In vitro diagnostic reagents clinical trials refer to the systematic study of the clinical performance of in vitro diagnostic reagents in their corresponding clinical conditions. They are the last stage of research and development used in clinical applications to guide the effectiveness and safety of clinical treatment. The trial data and results are important basis for registration evaluation and approval by the regulatory department.
In terms of ethics, the entire ethical review system for IVD reagents clinical trials is not yet mature compared to drug clinical trials. Currently, it is generally based on the method of drug clinical trials as a reference standard, and ethical review is generally conducted by the ethics committee of drug clinical trials, ignoring the unique characteristics of IVD reagents clinical trials.
In vitro diagnostic reagents clinical trials started relatively late in the entire clinical trial field, and related laws and regulations are gradually being improved. Some ethics committee members lack experience in reviewing in vitro diagnostic reagents clinical trials, and even know little about the product characteristics, which weaken the ethics committee's review ability as the most important link in reviewing medical device clinical trials, leading to problems for clinical trial researchers in finding reasonable basis during ivd diagnostic reagent operation, and resulting in a decline in the quality of clinical trials.

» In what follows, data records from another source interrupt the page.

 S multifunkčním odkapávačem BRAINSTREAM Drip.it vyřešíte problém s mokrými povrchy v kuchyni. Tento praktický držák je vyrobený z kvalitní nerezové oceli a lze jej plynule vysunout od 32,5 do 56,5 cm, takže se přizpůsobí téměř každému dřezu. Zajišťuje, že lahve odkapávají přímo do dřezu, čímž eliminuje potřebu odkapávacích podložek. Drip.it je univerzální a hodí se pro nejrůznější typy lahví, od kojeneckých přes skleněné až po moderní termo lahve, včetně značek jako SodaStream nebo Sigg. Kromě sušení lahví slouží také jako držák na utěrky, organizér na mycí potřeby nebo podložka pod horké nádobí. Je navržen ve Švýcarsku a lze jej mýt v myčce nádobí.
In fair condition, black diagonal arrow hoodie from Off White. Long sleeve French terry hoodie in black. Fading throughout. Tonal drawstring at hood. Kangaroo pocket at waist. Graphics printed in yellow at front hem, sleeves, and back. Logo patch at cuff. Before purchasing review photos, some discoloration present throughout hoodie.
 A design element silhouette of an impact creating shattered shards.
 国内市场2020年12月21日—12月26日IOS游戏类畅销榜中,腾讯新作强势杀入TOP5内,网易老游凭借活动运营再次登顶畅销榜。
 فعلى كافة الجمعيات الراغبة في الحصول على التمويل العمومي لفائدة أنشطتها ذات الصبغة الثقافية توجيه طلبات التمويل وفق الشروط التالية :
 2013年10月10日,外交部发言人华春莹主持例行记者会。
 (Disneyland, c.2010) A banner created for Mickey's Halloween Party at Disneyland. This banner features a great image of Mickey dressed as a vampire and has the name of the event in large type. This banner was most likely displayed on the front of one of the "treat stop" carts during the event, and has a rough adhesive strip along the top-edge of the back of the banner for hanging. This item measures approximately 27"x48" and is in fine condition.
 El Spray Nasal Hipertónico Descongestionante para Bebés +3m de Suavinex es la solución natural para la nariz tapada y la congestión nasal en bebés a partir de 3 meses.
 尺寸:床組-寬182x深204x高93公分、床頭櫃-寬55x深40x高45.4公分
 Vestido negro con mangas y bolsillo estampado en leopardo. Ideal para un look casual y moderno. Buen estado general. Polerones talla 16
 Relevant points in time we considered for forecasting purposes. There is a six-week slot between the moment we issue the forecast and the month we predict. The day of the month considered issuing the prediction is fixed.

How to improve the quality of ethics committees' review of IVD reagents clinical trials and ensure their smooth progress? Firstly, it is recommended that ethics committees should start from the actual situation of the research, draw on the experience of domestic and foreign hospital ethics committees in reviewing IVD reagents clinical trials, invite related personnel experienced in in vitro diagnostic reagents clinical trials to be members of the ethics committee, and formulate a set of operating procedures suitable for the hospital to carry out in vitro diagnostic reagents ethical review. Secondly, it is recommended that ethics committee members and research personnel at all levels of the hospital receive training on relevant laws, regulations, and policies regarding IVD reagents clinical trials, increase their understanding of ethics, and continuously improve and customize the review process according to the characteristics of different products during the review process. Finally, it is recommended that ethics committee members fully understand the entire clinical trial process, strengthen ethical review, and strictly review every key aspect involved in the clinical trial plan to ensure the quality of the clinical trial.

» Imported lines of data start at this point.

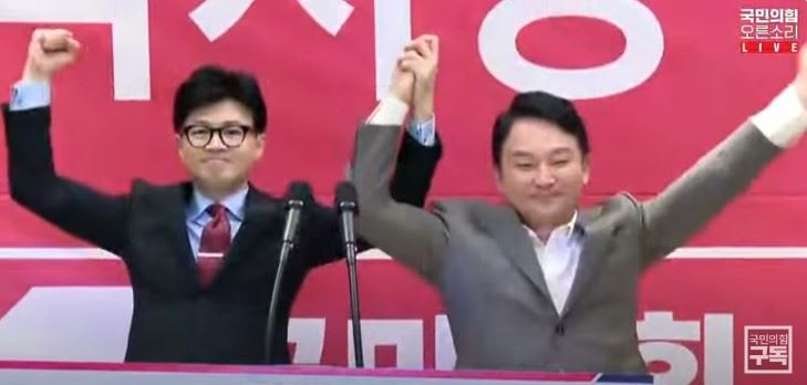 한동훈 국민의힘 비상대책위원장(왼쪽)과 원희룡 전 국토교통부 장관이 국민의힘 인천시당 신년인사회에서 손을 잡고 환호하는 당원들에게 답하고 있다.
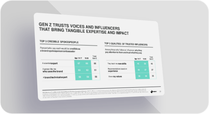 TOP 3 QUALITIES OF TRUSTED INFLUENCERS GEN Z TRUSTS VOICES AND INFLUENCERS THAT BRING TANGIBLE EXPERTISE AND IMPACT 21 Among those who follow an influencer, why they pay attention to them and trust what they say Age 14 - 17 18 - 26 Total Gen Z They teach me new skills 45 39 40 Recommendations based on experience 40 37 37 Share my values 38 36 35 Percent who say each would be credible as a brand spokesperson/ambassador TOP 3 CREDIBLE SPOKESPEOPLE Age 14 - 17 18 - 26 Total Gen Z A scientist/ expert 67 66 66 A person like me who uses the brand 63 62 61 A brand technical expert 58 59 58 2022 Edelm an Trust Barometer Special Report: The New Cascade of Influence. ABILITY_SPK_A. If a brand w ere to use each of the f ollow ing as their spokesperson/brand ambassador, how credible or believabl e w ould you consider them to be? 4 - point scale; top 2 box, credible. INFLU_TRU. Why do you pay attention to and trust w hat the inf luencers that you f ollow have to say? Pick all that apply. Question asked to those w ho f ollow inf luencers (INFLU1_A/1). General population, 14 - mkt avg., by age; and the youth sample (question show n to half of the sa mple). “Total Gen Z” is a w eighted average of 14 - 17 - and 18 – 26 - year - olds. Order is based on top 3 rank f or Total Gen Z, ties broken by decimals.
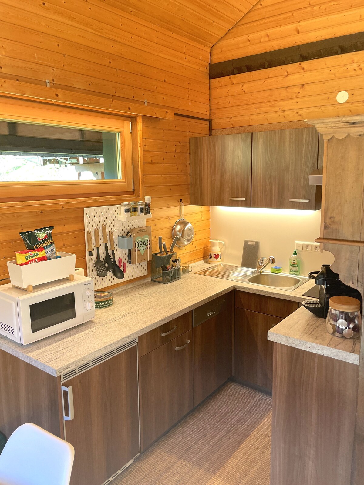The heated Waldhauser Hof Fässle offers a unique overnight experience. The quiet retreat is designed for two people and has a cozy double bed, a seating area, storage space and a kitchen corner with a wash basin and refrigerator. Outside, a seating lounge invites you to relax. A dry separation toilet is located next to the barrel. Please note that there is no shower. Ideal for those who enjoy nature and want to relax!
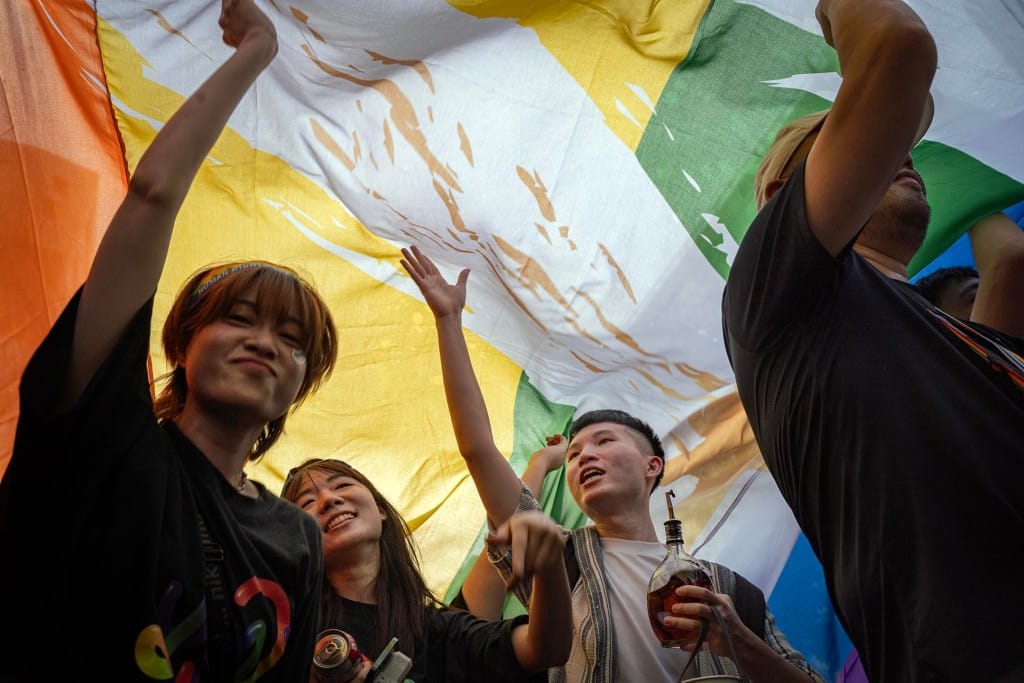 首度參加台灣同志遊行的香港女同志 Avery 與幾位同行友人只在台北待上三天,就是為了體驗台灣的同志遊行。在車隊大聲喧嘩歡呼的現場,他們一群人冷靜地站在捷運站旁,他說:「以前沒有想過要來,但現在香港已經不能集會遊行了,所以特地來看看。」
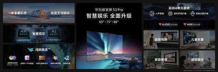 ●华为智慧屏S3 Pro 全新升级家庭电视场景智慧体验华为智慧屏 S3 Pro,在产品性能、画质、智慧体验上实现多方位提升。它搭载全新智慧双芯,包括4K旗舰主芯和AI视觉芯片。同时升级儿童关爱、家庭畅连和超级娱乐等多方面智慧功能体验。
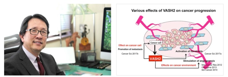 "Our research shows that Vasohibin-2 (VASH2), a novel moleule we have discovered, is expressed only in the testis in normal tissues, but overexpressed in all cancers, as evident by the cancer genome atlas," says Sato. "VASH2 promotes cancer progression through the effects on both cancer cells and cancer environments, and its inhibition has led to remarkable anti-tumor effects in various cancer models including the most malignant pancreatic cancer."
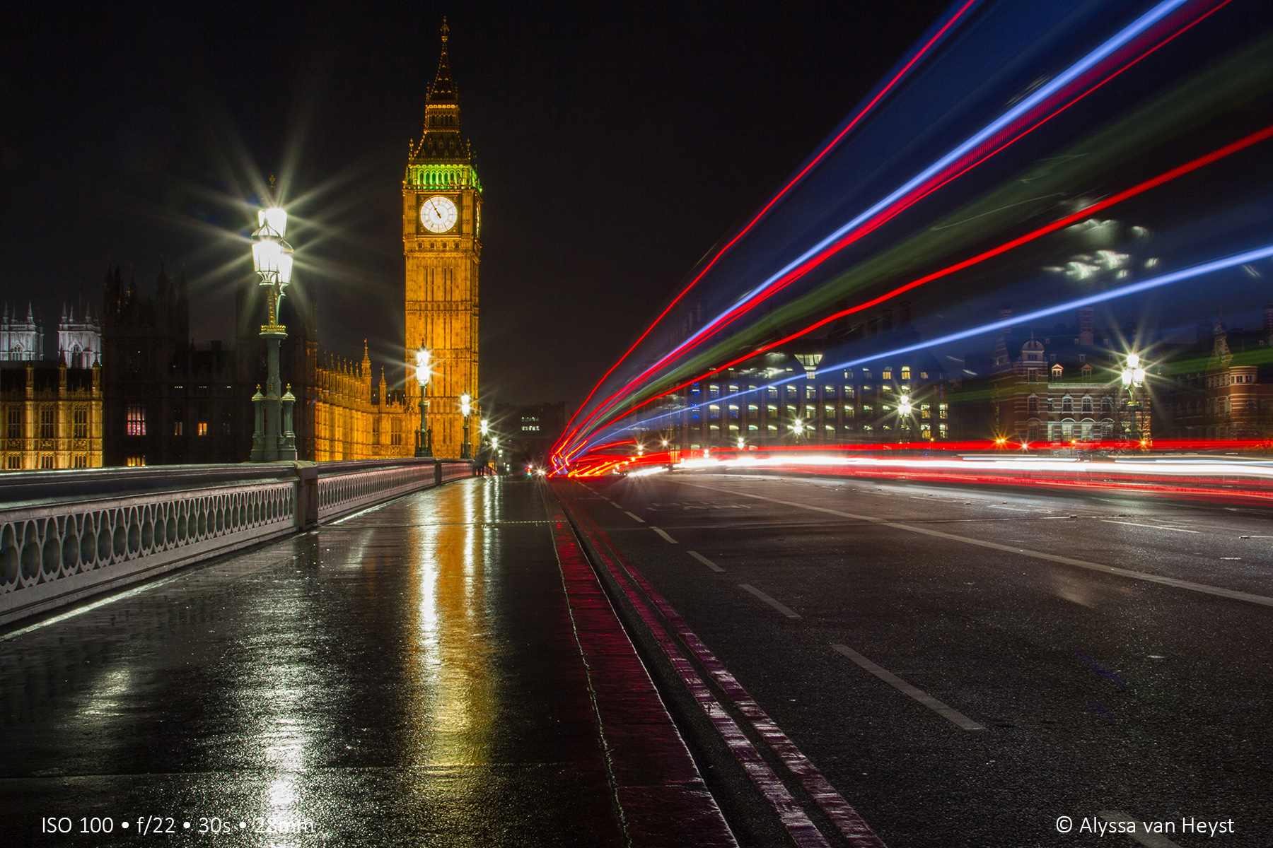 Dan de laatste foto van de Big Ben in Londen. Zoals je kunt zien had het net geregend en was de weg nat. Het was moeilijk om zo dicht langs de weg te staan, zonder spetters van voorbijrazende dubbeldekkers en auto’s op mijn lens te krijgen. Heb een aantal dezelfde foto’s gemaakt, waarvan dit de enige was zonder spetters op de foto. Vandaar dat het lensdoekje altijd meegaat :-)

With the passage of time, drug clinical trial institutions have made qualitative leaps in terms of qualification recognition, institutional construction, and supervision, and have continuously promoted the innovative development and overall level of drug clinical trials. Institutions and personnel are the basis for ensuring whether a clinical trial is compliant. Having a complete clinical trial management institution is the basis for guaranteeing that the clinical trial is conducted in compliance; trained and experienced researchers are the guarantee for the smooth completion of the clinical trial.
With the development of science and technology of in vitro diagnostic solutions, in vitro diagnostic products are becoming more and more widely used. Medical device clinical trial institution management is also gradually becoming standardized. In the stage where regulations are continuously improved and updated, there are still many problems in on-site inspections, mainly including:
The division of labor among personnel participating in the trial is unclear. The sponsor and investigator are the main leaders of the clinical trial, and they lack understanding of the process of conducting the IVD reagents clinical trial. Most sponsors think that as long as they provide the trial institution with relevant materials or instrument and equipment needed for the trial, they can obtain approval. No supervisor or appointed supervisor is seen throughout the trial to conduct supervision on relevant trial processes.
The researchers are not familiar with the quality management regulations and standards of the clinical trial, there is no perfect training mechanism, and there is a lack of communication and understanding between the applicant and the investigator. The researchers are not familiar with the operating procedures of IVD clinical trials, and they do not understand the characteristics of the IVD in vitro diagnostic reagents products, ignoring the quality of the trial, and failing to effectively identify the potential problems that may exist in clinical trials.
Supervision and clinical data recording tend to be formalized, and cannot objectively and comprehensively reflect the entire quality control process of the trial, directly leading to a decline in the quality of the clinical trial.